Come June, sea navigation will open, bringing to Solovki crowds of tourists and pilgrims from all over Russia, together with people from Finland, Western Europe, the USA and other foreigners attracted by the legendary beauty of this place. Its excursion routes are quite well-designed; they combine boat trips along the monk-made canals with visits to holy places and the sites of Gulag-era mass executions, which are often the same.
The summer months provide the annual revenues for the small local population of less than 1,000, many of them children and the elderly, with almost all working adults employed by the museum. In the low season, life on Solovki slows down. As one local told us, the men spend the winters ice-fishing, drinking, or drinking while ice-fishing, while their wives kill time paying each other visits.
There are no theatres or restaurants in which to spend the long northern nights, and if anybody is unlucky enough to have toothache, they have to fly to Archangel to see a dentist.

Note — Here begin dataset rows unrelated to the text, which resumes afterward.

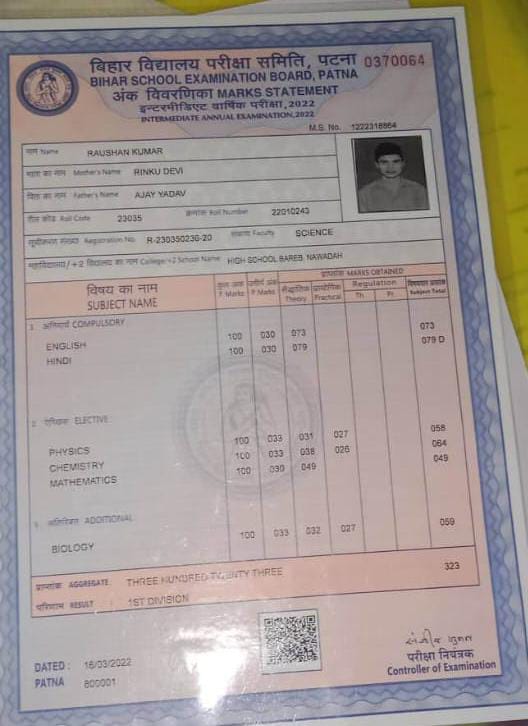 | Exam | Full Marks | Pass Marks | Marks Obtained |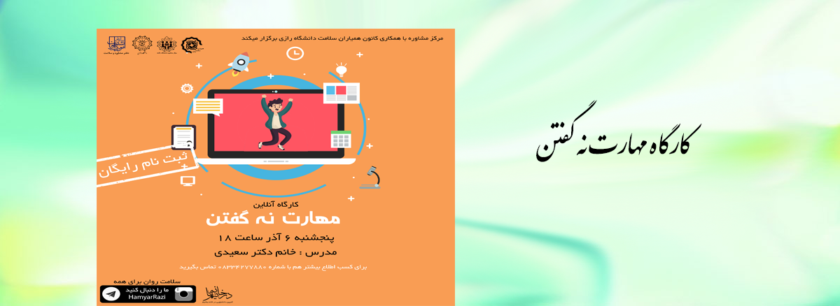 2710 کارگاه مهارت نه گفتن لینک حضور در کارگاه : https://www.skyroom.online/ch/razi1399/moshavereh شناسه : 952907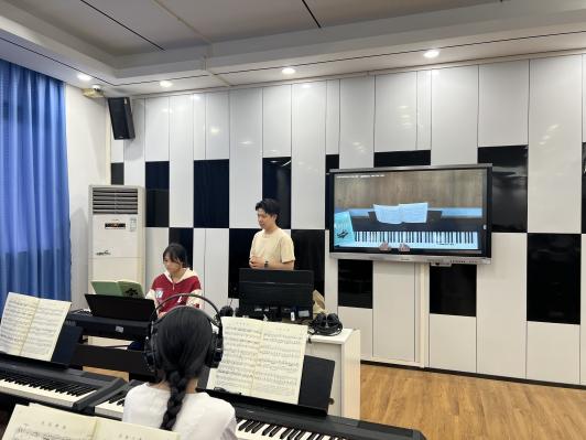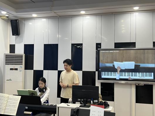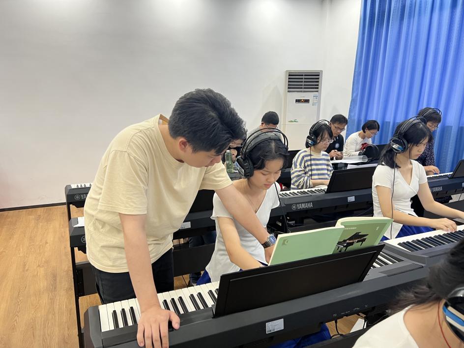 在示范教学后,李展鸿老师鼓励学生们独立尝试弹奏《风笛舞曲》,充分调动了学生的积极性和参与度,学生练习过程中,李老师巡堂单独指导,及时纠正学生存在的问题,让学生更好、更快得掌握与理解重难点。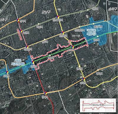目标区域位于德黑兰路沿线,从江南历史路口至POSCO路口。这一地区交通便利,拥有地铁2号线、新盆唐线、GTX-A·C线及城际巴士等多种交通方式,同时配备了完善的生活基础设施。自2009年区域单位计划重组以来,该地区在基本城市规划中被升级为“市中心”,已成为首尔具有代表性的全球商务和商业功能区。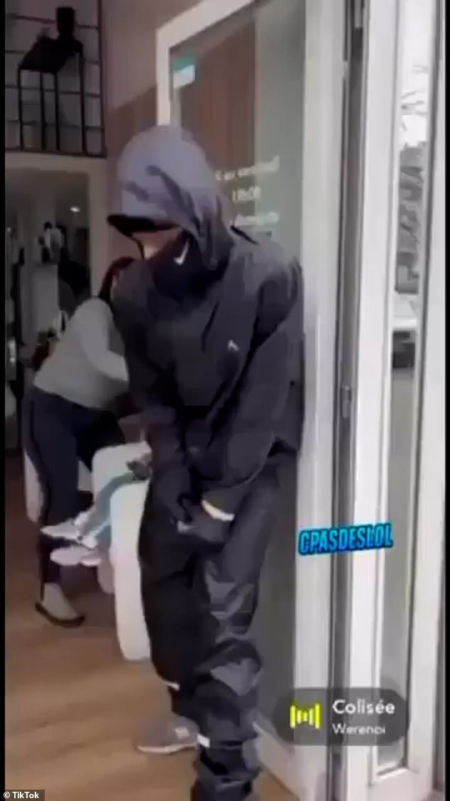 Imágenes aterradoras muestran el momento en que el hombre de Grenoble irrumpió en el salón después de discutir con una mujer en la entrada.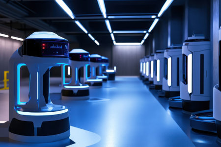 Advanced robotic machines lined up in a modern warehouse, illuminated by blue and white lights.
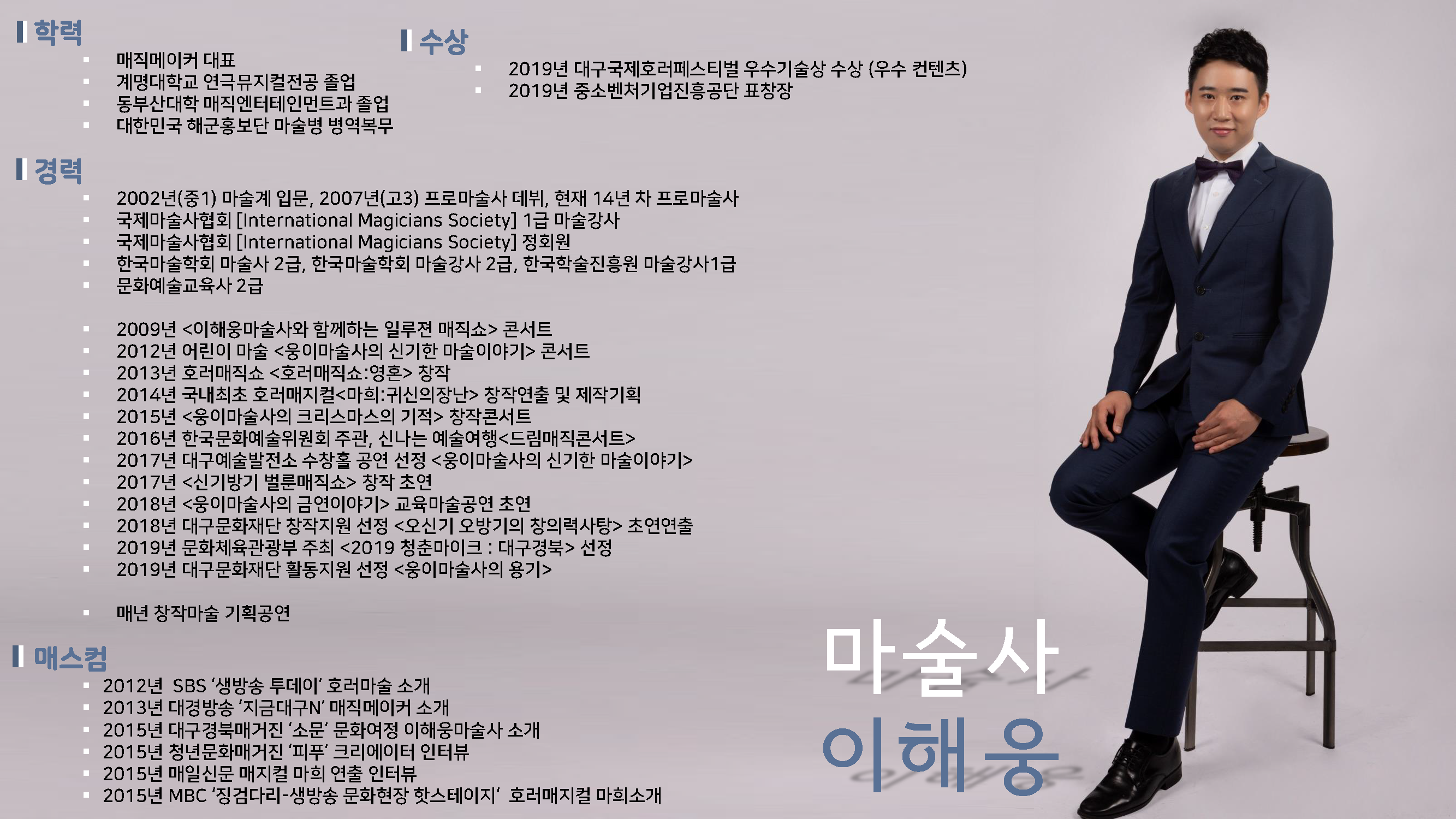 안녕하세요. 마술사 이해웅입니다.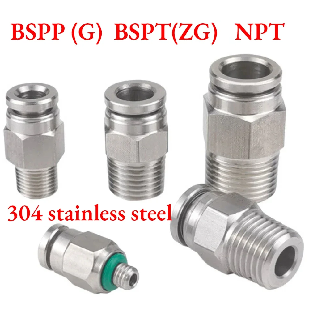 PC 1/8" 1/4" 3/8" 1/2" BSP NPT Male 4 6 8 10 12 14 16 mm Tube Stainless Pneumati...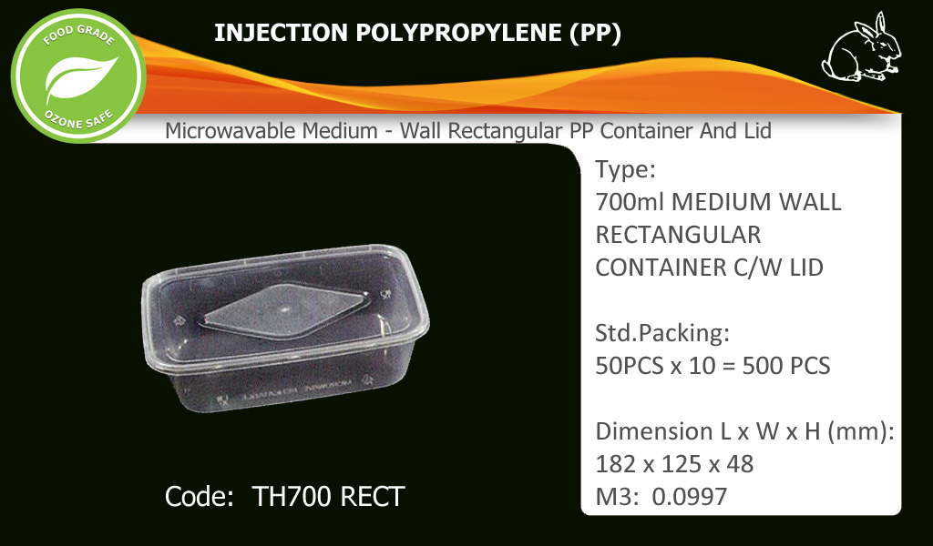 700ml Medium Wall Rect.Cont. c/w LidCode: TH700 RECT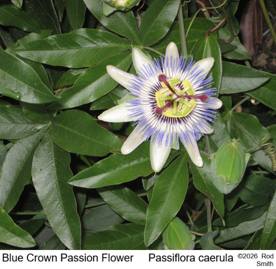 Blue Crown Passion Flower    Med. Sun-Part     flowers in summer. Edible fruit.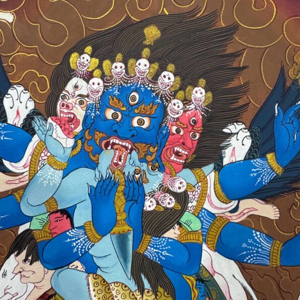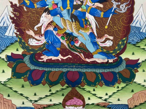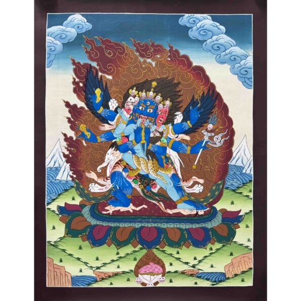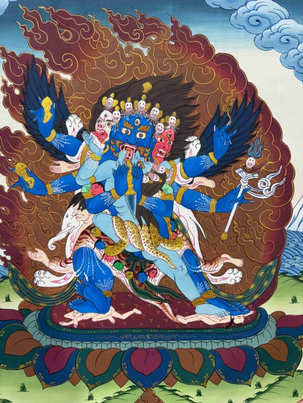 Vajrakilaya is commonly depicted with three faces, each carrying profound symbolism. The central wrathful face signifies the eradication of ignorance, the left face embodies compassion, and the right face symbolizes wisdom.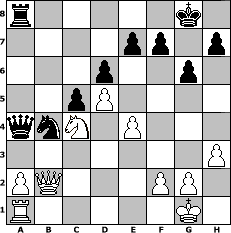 Partie-Notation im PGN-Format [Event "2010 wird gut!"] [Site "www.mySchach.de"] [Date "2010.01.08"] [Round "1"] [White "brucybabe"] [Black "Joschi"] [ECO "A57"] [WhitemyELO "1661"] [BlackmyELO "1588"] [Result "1/2-1/2"] [TimeControl "10/864000"] [WhiteDays "10"] [BlackDays "09"] [MySchachNr "62190"] 1. d4 Nf6 2. c4 c5 3. d5 b5 4. b3 bxc4 5. bxc4 g6 6. Bb2 Bg7 7. Qc2 Qa5+ 8. Nd2 d6 9. Ngf3 O-O 10. e3 Bf5 11. Bd3 Bxd3 12. Qxd3 Nbd7 13. O-O Rfb8 14. Rfb1 Rb6 15. Bc3 Qa6 16. Rxb6 axb6 17. Qc2 b5 18. cxb5 Qxb5 19. e4 Ng4 20. Bxg7 Kxg7 21. h3 Nge5 22. Nxe5 Nxe5 23. Qc3 Kg8 24. Qc2 Nd3 25. Nc4 Nb4 26. Qb3 Qa4 27. Qb2 Qb5 28. Qb3 Qa4 29. Qb2 1/2-1/2 Stellungs-Notation im FEN-Format r5k1/4pp1p/3p2p1/2pP4/qnN1P3/7P/PQ3PP1/R5K1 - - - 13 29 Geschlagene Figuren Weiss: Geschlagene Figuren Schwarz: Klicken Sie auf eine geschlagene Figur um den gewünschten Zug darzustellen!
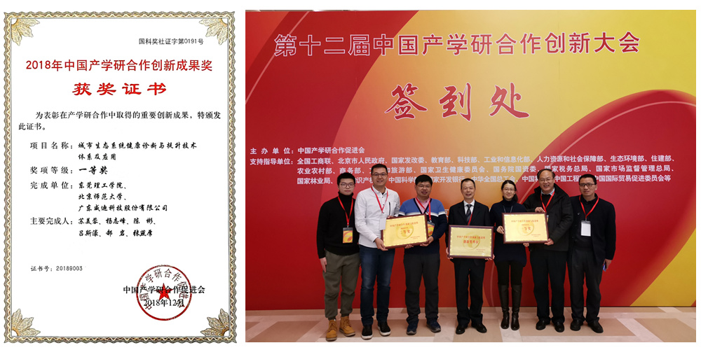 由廣東威迪科技股份有限公司聯合東莞理工學院、北京師范大學共同申報的《城市生態系統健康診斷與提升技術體系及應用》項目榮獲2018年中國產學研合作創新成果一等獎。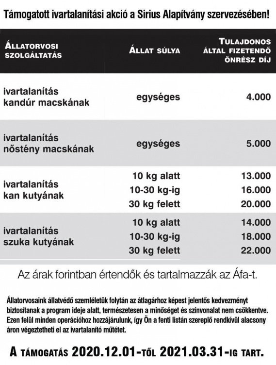 A 2020. december 1-től induló és 2021. március 31-ig tartó akció az operáción kívül nem tartalmaz többletszolgáltatást (műtéti gallér, kórházi elhelyezés, stb.), ellenben a műtét közben felmerülő gyógyszerköltségeket igen. Az állatorvos nem számol fel díjat a varratszedésért, de előre nem látható komplikációk esetén minden további költség a tulajdonost terheli.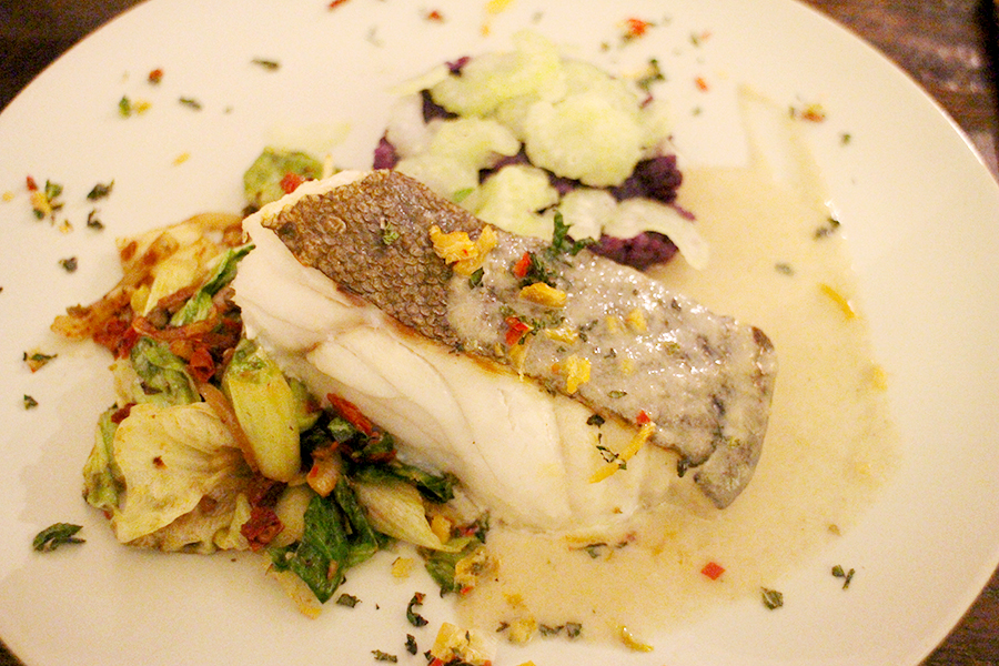 Vooraf genoten we van ‘spaghetti’ van koolraap met linzen, gedroogde pruimen en Parmezaanse kaas flakes. Niet alleen origineel, maar ook ontzettend lekker. Als hoofdgerecht werd een prachtig stukje skrei geserveerd met een saus van ansjovis, roergebakken andijvie met zongedroogde tomaatjes en kappertjes, en een bijzonder ‘cakeje’ van truffelaardappeltjes. De avond werd afgesloten met een heerlijk appeltaartje met frangipane en caramelsaus. Mmm…!

The beautiful monastery with its onion-shaped wooden domes, typical of the unique northern Russian architecture, is a dominant landmark of the main island. Most of its churches and other buildings are now being restored, some of them very impressive even for a modern visitor. The site has quite an unusual status of being both a functioning monastery with a brotherhood of about 100 monks and a state museum, with the same person in the dual role of monastery father superior and museum director.
This is an interesting phenomenon in Russia, where the church and museums do not always get along well in their disputes over historical estates and cultural artifacts. However, as one of the museum employees told me, the abbot director is actually very supportive of historical and archaeological research on the archipelago, even more so than some of his secular predecessors.
A permanent exhibition of Gulag-era documents, photos and some recovered work tools has been recently opened in one of the barracks that housed prisoners of the Soviet labour camp, just outside of the monastery walls. There is not much left after the immense political prison was shut down and thoroughly scrapped in 1939. Still, the declassified orders, personal letters and other collected papers reveal the facts of industrialised violence and humiliation that killed or crippled tens of thousands of people, among them the best minds and talents of their generation. Many of them lie buried in unmarked mass graves, yet to be counted and identified.
We left Solovki with mixed feelings of amazement and sadness, hoping to return here sometime in July – when sparkling streams will carry boats through the blooming forests of Russia’s holy land.